Where did you go?

Around four babies in every 100,000 births born in the U.S. are born with Usher Syndrome. Usher Syndrome is an inherited disease that commonly affects both hearing and vision. Many people who are diagnosed as medically blind and or deaf have this disease. It is most common for people to go blind or become severely visually impaired, as almost 75,000 do each year. Also, in case you were not aware, people who are deaf are typically also seen as mute. Many deaf people actually have healthy functioning vocal chords, but they still usually mainly communicate in sign language because their tonal inflection and verbal emphasis is off due to their inability to understand the sounds of the alphabet. So. Why all the random facts about people who have lost their sight, hearing, or ability to speak?

Did you have anyone in your classes growing up who was deaf, blind, or mute? Have you ever seen anyone who fits this description in your community? How about here at Lawrence?

Granted there are special accommodations needed for people who fit into these categories, like an aid who can translate what the professor is saying into sign language, as well as better labeling at walkways and maybe even books offered in braille. But people who are missing one of their five senses are still fully able to and have a right to pursue higher education. There are students all over the country as well as the globe who are attending college with various medical handicaps and still doing fine, if not exceeding to prove their worth despite the doubts of others. So where are these students represented at Lawrence? Although in the past people who suffer with severe hearing loss have been labeled as ‘deaf and dumb’, this in no way means they have any intellectual damage or lesser capacity to learn and fully function in society than any other student. This means there are students who fit these descriptions who are able to get into a school like Lawrence. So why don’t I see them? It is not as hard as you may think to attend college with these extra challenges. On metafilter.com, Eric B. commented, “A good friend of mine during graduate school was blind. When he arrived he was given a tour by a campus representative. We, his friends, also walked various routes with him to help him get acclimated—on campus, in town, etc. He navigated by cane and not a service dog. Within days he was on his own. He explained that he counted his steps, had “mapped” various soundscapes in his mind, could tell his position by echoes, non-echoes and came to know street crossings, stairwells, etc. intuitively.” We have students on campus right now from all over the globe and from all sorts of backgrounds, social classes, ethnicities and lifestyles. Lawrence prides itself, as does its students, on our diverse community. And yet here is an area in which our school is lacking.
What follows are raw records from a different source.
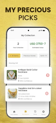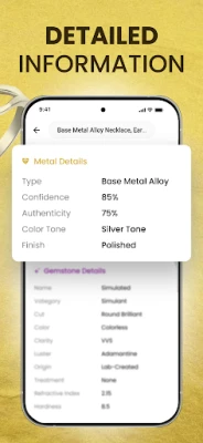 Keep your scans organized with an in-app scan history and collection. View all your previously identified jewelry pieces, including images, types, authenticity levels, and value estimates — all in one place.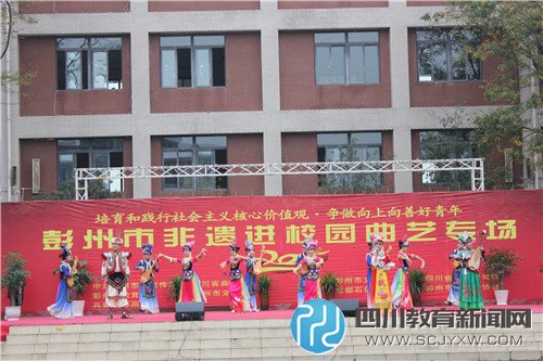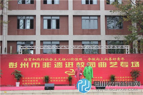四川教育新闻网成都12月11日讯(周佳 通讯员 李忠强)12月9日下午15:00,由彭州市委宣传部、四川省曲艺家协会、彭州市教育局、彭州市文明办、共青团彭州市委主办,彭州市文联、四川省曲艺研究院、彭州市曲艺家协会、成都石化工业学校承办的“培育和践行社会主义核心价值观,争做向上向善好青年——彭州市非遗进校园”曲艺专场巡演第六场,在成都石化工业学校北校区运动场举行,精彩的传统曲艺表演,让学校师生大饱耳福。彭州市文联领导、学校师生共2000余人观看了昨晚的演出。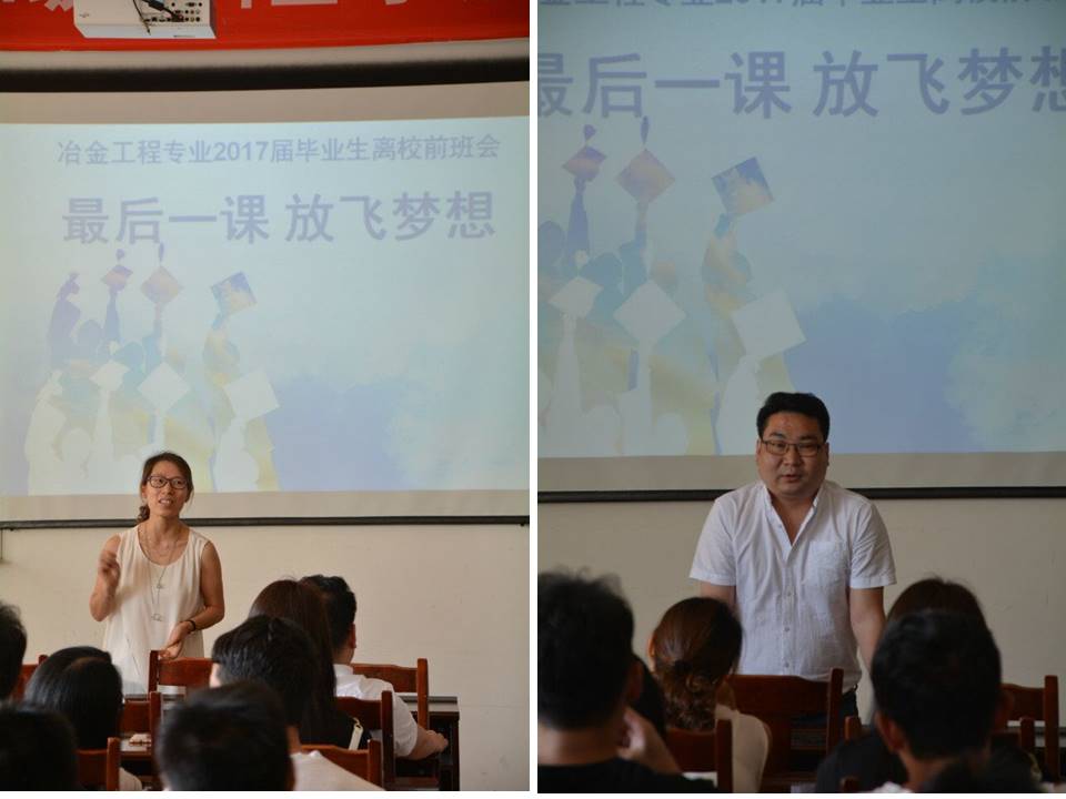 班会上,系主任、副主任代表冶金系全体老师对同学们顺利毕业表示祝贺,对毕业生今后的发展给予了具体指导和祝福。专业导师为全体同学上了最后一课,总结了班级四年来的学习生活情况,以自己的人生经验和切身体会为同学们提出了中肯的建议和希望。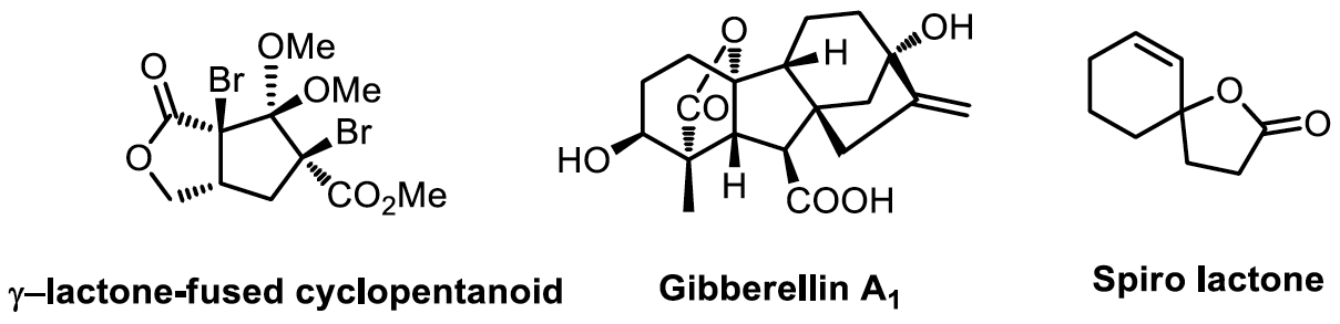 內酯廣泛存在於天然物結構中,有些具有生物活性以及藥性,如圖四為根據文獻舉例之含內酯結構之天然物。4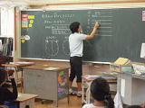 今日は、3年生の学級で、アメリカから夏休みを利用して来日した女の子とそのご両親が、日本の学校を体験されました。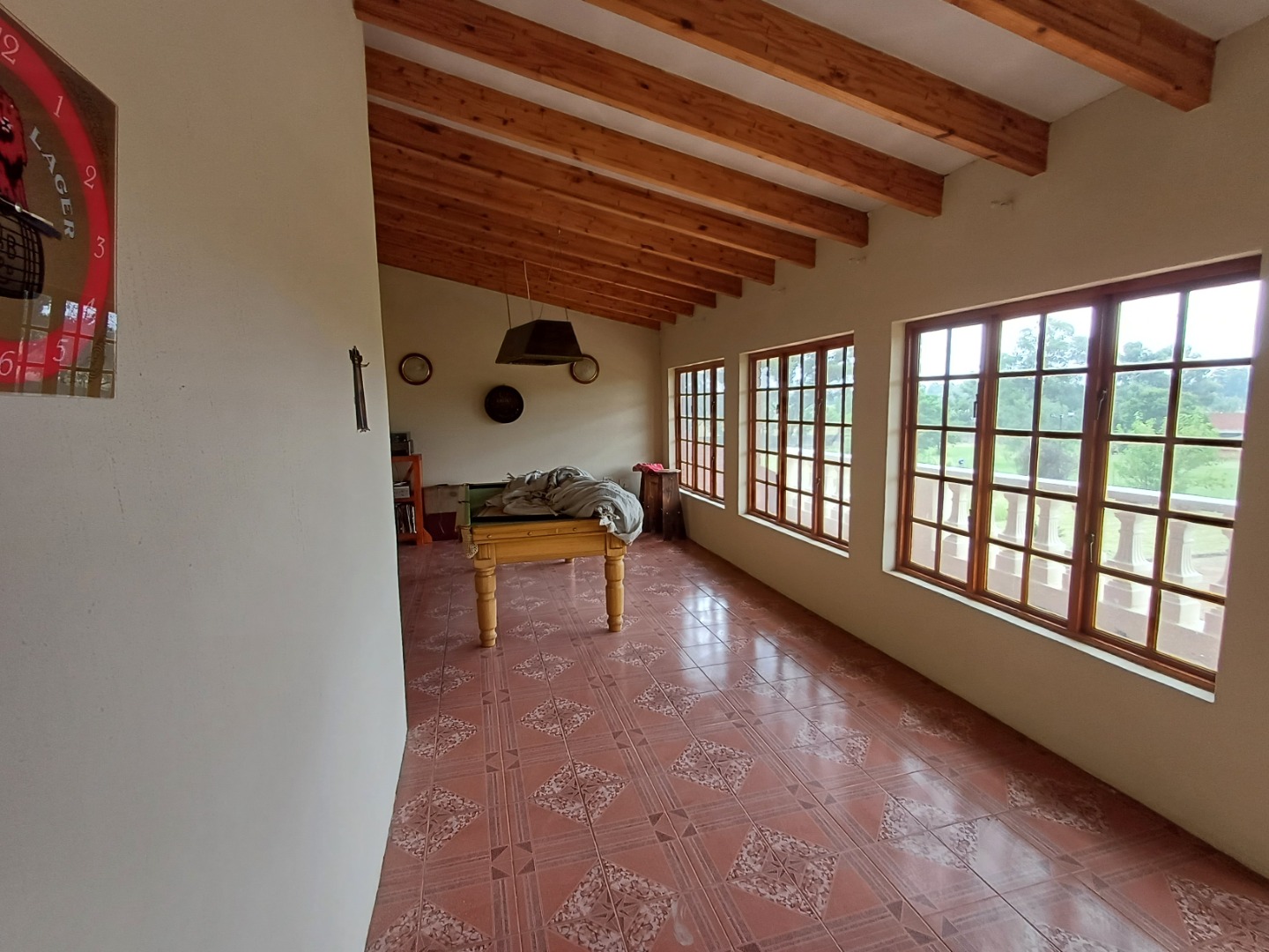 Nestled in the serene agricultural holdings of Zesfontein AH, Benoni, this expansive residential property offers a unique opportunity for versatile living and investment. Spanning an impressive 48188 square metres, this country living estate provides a tranquil escape with ample space and privacy, ideal for large families, multi-generational living, or those seeking a property with significant potential for guest accommodation or a lifestyle farm. The property immediately impresses with its durable brick exterior and well-maintained tiled roof, presenting a classic and robust kerb appeal. The approach features a well-defined driveway leading to an integrated double garage, part of the extensive 11-garage capacity available on the premises, ensuring abundant parking and storage solutions. Surrounding the residence are meticulously kept garden areas and expansive, treed lawns, creating a picturesque and peaceful environment perfect for outdoor activities and relaxation. Mature trees provide natural shade and enhance the overall aesthetic, contributing to a truly tranquil setting. Inside, the residence boasts an exceptional layout designed for comfort and flexibility, featuring a remarkable 12 bedrooms and 9 bathrooms, including 4 en-suite facilities. The living spaces are equally generous, with 6 distinct lounges and 4 dining rooms, offering numerous options for entertaining, family gatherings, or creating separate living quarters. Tiled flooring throughout ensures easy maintenance, while large glass doors invite abundant natural light, creating bright and airy interiors. Some living areas benefit from vaulted ceilings, adding to the sense of space and grandeur, complemented by security bars on windows and doors for enhanced peace of mind. The property is equipped with 4 modern kitchens, each thoughtfully designed to cater to diverse culinary needs. These kitchens feature stylish light grey shaker-style cabinetry, sleek white countertops, and practical central islands that provide additional workspace. Integrated appliances, including double ovens and built-in gas hobs, ensure a contemporary cooking experience. Wood-look flooring adds warmth, while large windows flood the spaces with natural light. While some utility areas may include visible washing machines, the overall design prioritises functionality and modern aesthetics. Bedrooms are designed for comfort and privacy, with features such as large windows that allow for ample natural light. Specific rooms offer unique touches like fabric canopies over beds, wall-mounted televisions, and charming bay windows with built-in seating and storage, adding character and practicality. The sheer number of bedrooms and bathrooms underscores the property's capacity for accommodating a large household or multiple independent living arrangements, aligning perfectly with its dual living classification. This substantial property in Zesfontein AH, Benoni, represents a rare find, combining extensive living spaces with the peace and quiet of country living. Its generous erf size and numerous amenities make it an ideal choice for those seeking a versatile home with significant potential. Explore the possibilities this unique offering presents. Key Features: * 12 Spacious Bedrooms * 9 Bathrooms (4 En-suite) * 4 Modern Kitchens * 6 Generous Lounges * 4 Dedicated Dining Rooms * 11 Garages for Ample Parking * Expansive 48188 sqm Erf Size * Durable Brick Exterior with Tiled Roof * Large, Treed Lawns and Gardens * Ideal for Country Living and Dual Living

In past centuries the medical advancements of today weren’t even fathomable, and due to the rough lifestyles of many average citizens of the time, anyone born with physical and or mental handicaps was usually tucked away from the eyes of society and had little to no impact (or say) on the historical events of that time. Is our society still one in which people born with handicaps are kept hidden away? Do people struggling with the challenges of being blind, deaf, and/or mute feel like they cannot even dream of attending a college like Lawrence?